TASK DESCRIPTION: Nothing but the lines below from the one containing "Dishes in glazed" through the one containing "A fantastic ride" should appear in the answer, exact and without pictures.

ENTRIES PROVIDED:
•••
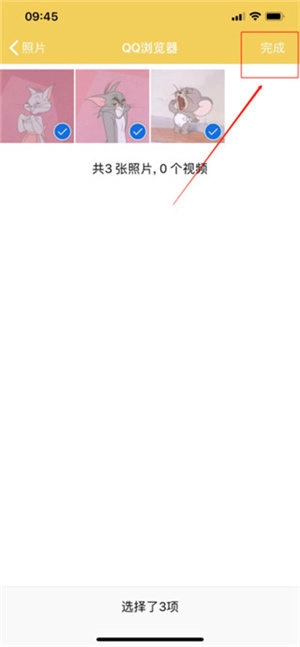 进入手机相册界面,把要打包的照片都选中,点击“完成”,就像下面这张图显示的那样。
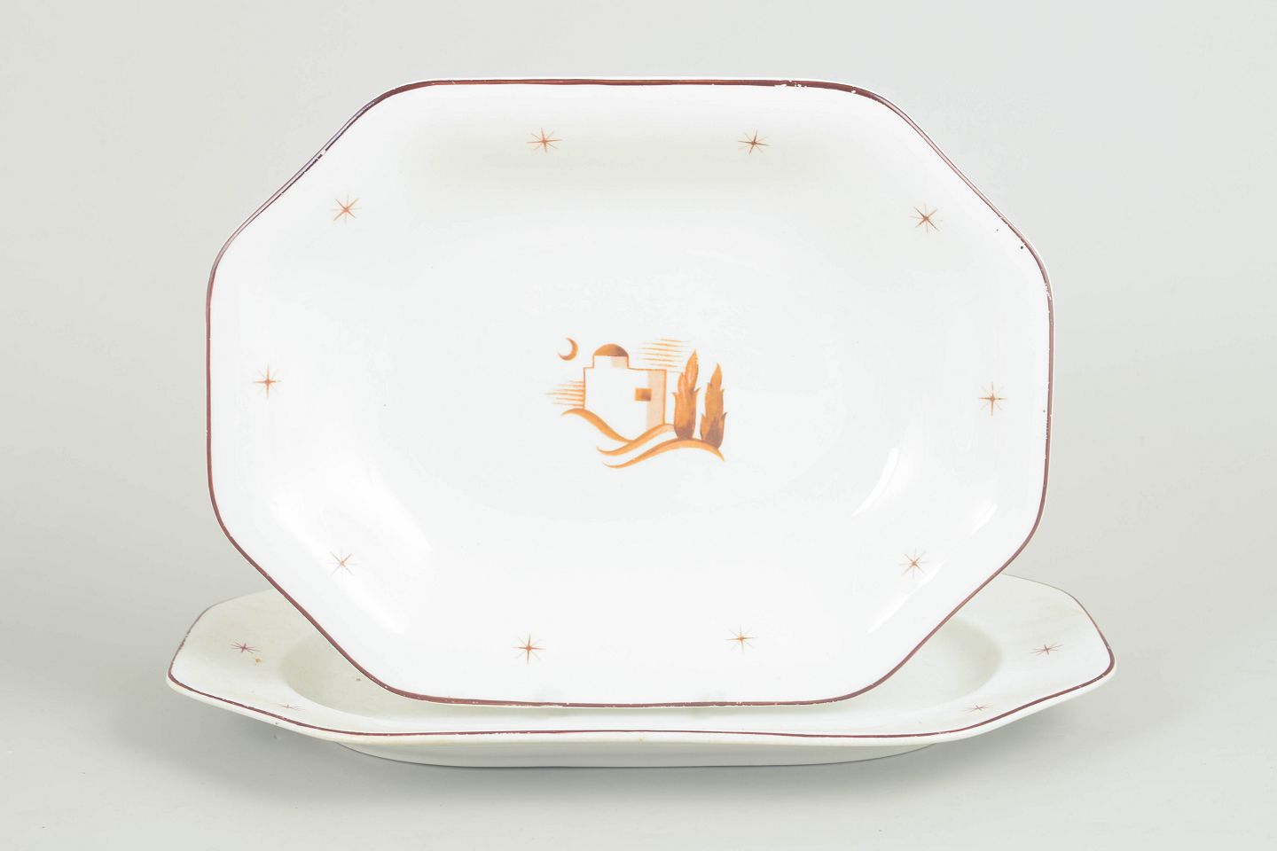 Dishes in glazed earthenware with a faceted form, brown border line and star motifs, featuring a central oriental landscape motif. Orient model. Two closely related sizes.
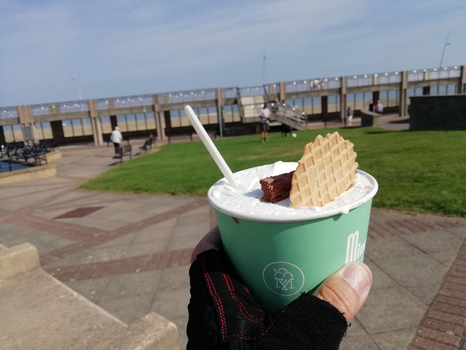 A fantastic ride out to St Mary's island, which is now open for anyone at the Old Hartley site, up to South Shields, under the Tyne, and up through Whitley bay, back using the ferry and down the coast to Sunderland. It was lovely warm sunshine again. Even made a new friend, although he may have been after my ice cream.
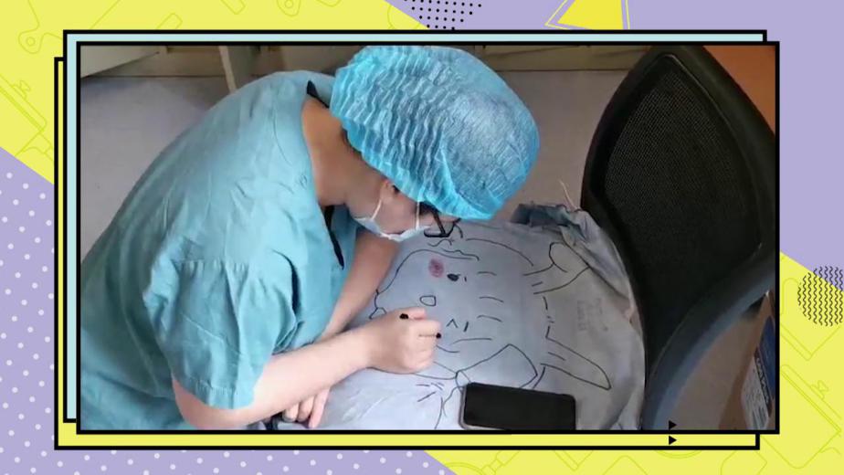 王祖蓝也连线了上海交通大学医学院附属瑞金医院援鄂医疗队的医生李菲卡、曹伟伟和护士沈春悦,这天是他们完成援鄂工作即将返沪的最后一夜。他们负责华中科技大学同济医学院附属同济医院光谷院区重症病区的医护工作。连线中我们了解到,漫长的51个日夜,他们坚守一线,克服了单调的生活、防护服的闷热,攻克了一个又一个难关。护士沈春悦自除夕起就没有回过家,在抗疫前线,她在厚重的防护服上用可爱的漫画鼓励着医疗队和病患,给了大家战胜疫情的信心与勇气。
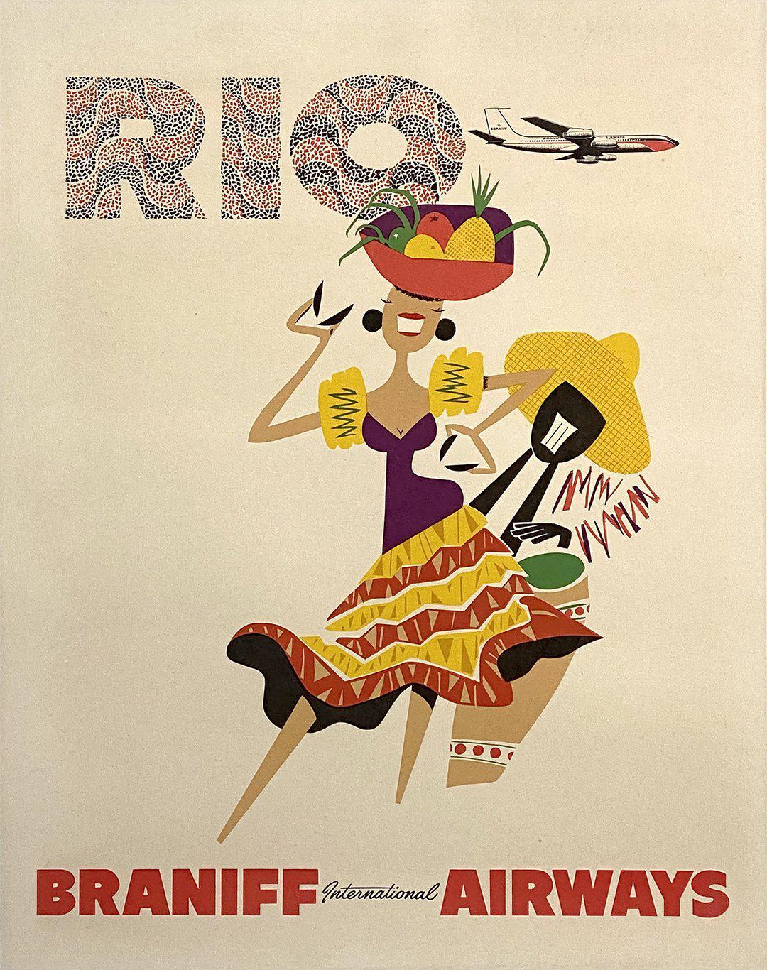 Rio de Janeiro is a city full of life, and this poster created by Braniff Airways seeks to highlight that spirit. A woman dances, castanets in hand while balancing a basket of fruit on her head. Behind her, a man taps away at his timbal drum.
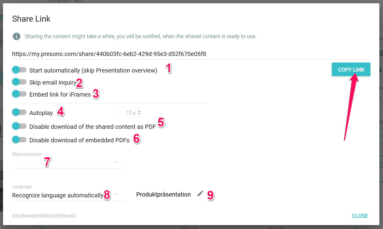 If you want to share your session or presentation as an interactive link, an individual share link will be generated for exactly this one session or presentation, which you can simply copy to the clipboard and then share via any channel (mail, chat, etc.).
•••
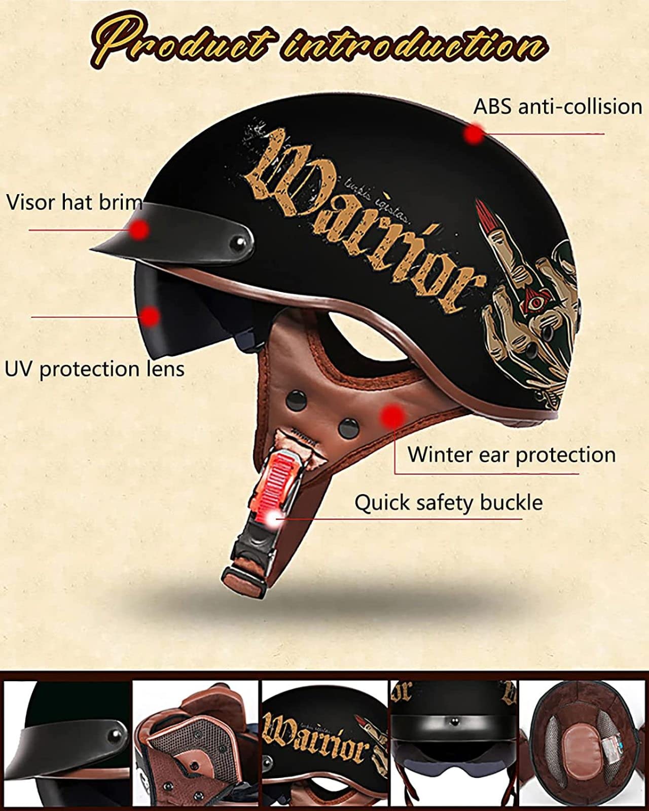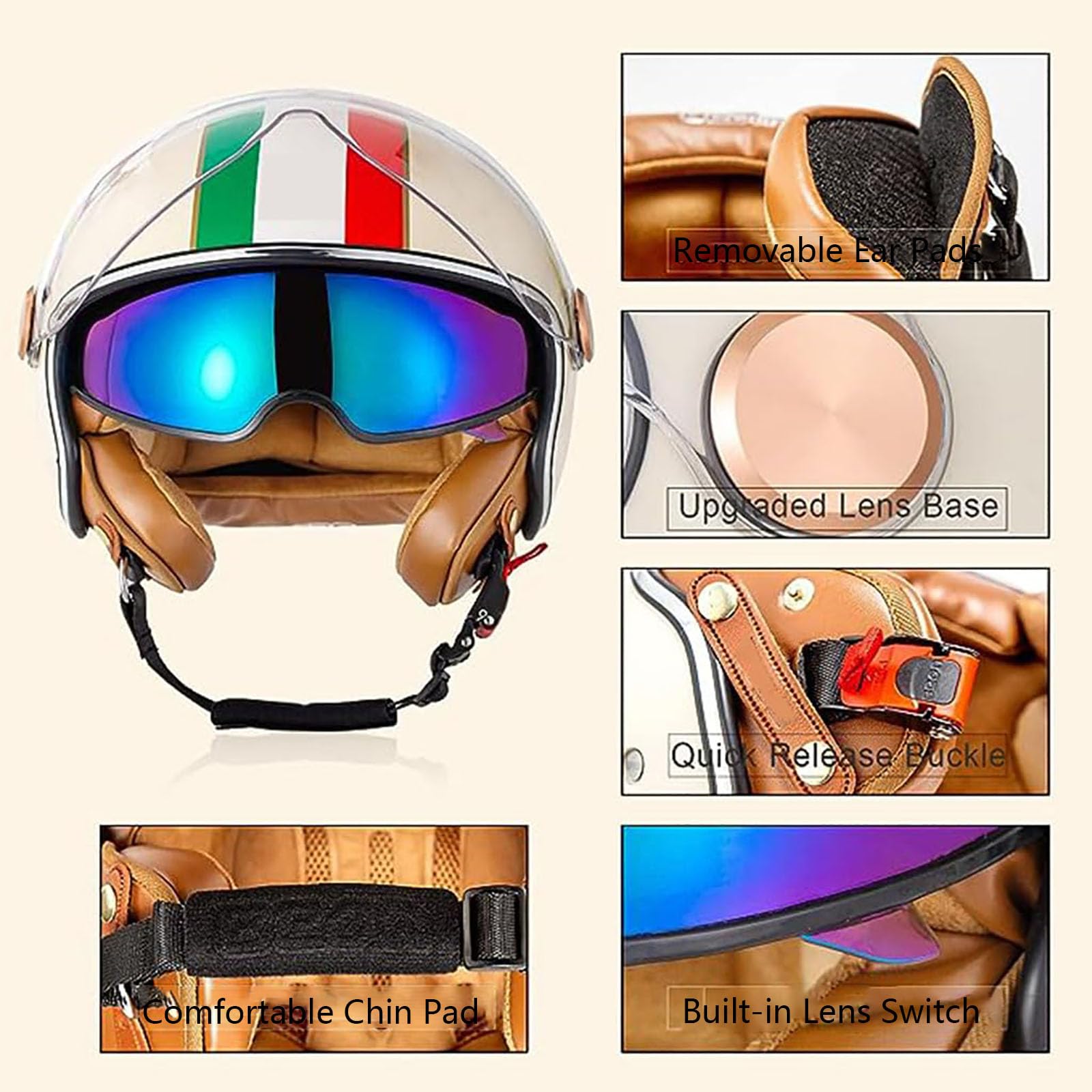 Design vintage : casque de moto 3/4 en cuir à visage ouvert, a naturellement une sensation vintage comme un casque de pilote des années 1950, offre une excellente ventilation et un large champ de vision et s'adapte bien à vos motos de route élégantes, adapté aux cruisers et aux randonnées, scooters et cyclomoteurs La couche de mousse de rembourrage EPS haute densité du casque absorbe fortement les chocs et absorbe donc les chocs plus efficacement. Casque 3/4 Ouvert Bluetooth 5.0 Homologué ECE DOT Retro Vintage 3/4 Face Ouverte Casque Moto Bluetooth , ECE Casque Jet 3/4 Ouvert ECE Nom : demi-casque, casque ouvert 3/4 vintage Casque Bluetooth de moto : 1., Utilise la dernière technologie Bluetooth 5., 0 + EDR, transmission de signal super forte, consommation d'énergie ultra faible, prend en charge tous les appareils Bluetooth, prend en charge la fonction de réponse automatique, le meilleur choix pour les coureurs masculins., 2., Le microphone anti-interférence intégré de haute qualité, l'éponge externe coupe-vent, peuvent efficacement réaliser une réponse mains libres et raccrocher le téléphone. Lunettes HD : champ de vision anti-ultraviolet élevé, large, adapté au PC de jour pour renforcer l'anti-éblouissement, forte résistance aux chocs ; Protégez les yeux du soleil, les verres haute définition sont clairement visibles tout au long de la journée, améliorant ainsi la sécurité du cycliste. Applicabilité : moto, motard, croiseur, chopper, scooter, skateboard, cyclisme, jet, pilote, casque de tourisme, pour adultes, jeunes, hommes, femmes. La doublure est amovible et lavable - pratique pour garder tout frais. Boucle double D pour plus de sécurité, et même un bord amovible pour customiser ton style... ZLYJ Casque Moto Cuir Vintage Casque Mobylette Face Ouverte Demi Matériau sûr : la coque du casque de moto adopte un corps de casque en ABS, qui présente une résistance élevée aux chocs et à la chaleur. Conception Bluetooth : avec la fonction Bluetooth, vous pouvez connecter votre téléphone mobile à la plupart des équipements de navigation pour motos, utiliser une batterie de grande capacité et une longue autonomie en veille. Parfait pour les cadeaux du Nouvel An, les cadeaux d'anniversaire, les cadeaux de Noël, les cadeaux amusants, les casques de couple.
•••
ANSWER FOR THIS EXERCISE:
 Dishes in glazed earthenware with a faceted form, brown border line and star motifs, featuring a central oriental landscape motif. Orient model. Two closely related sizes.
 A fantastic ride out to St Mary's island, which is now open for anyone at the Old Hartley site, up to South Shields, under the Tyne, and up through Whitley bay, back using the ferry and down the coast to Sunderland. It was lovely warm sunshine again. Even made a new friend, although he may have been after my ice cream.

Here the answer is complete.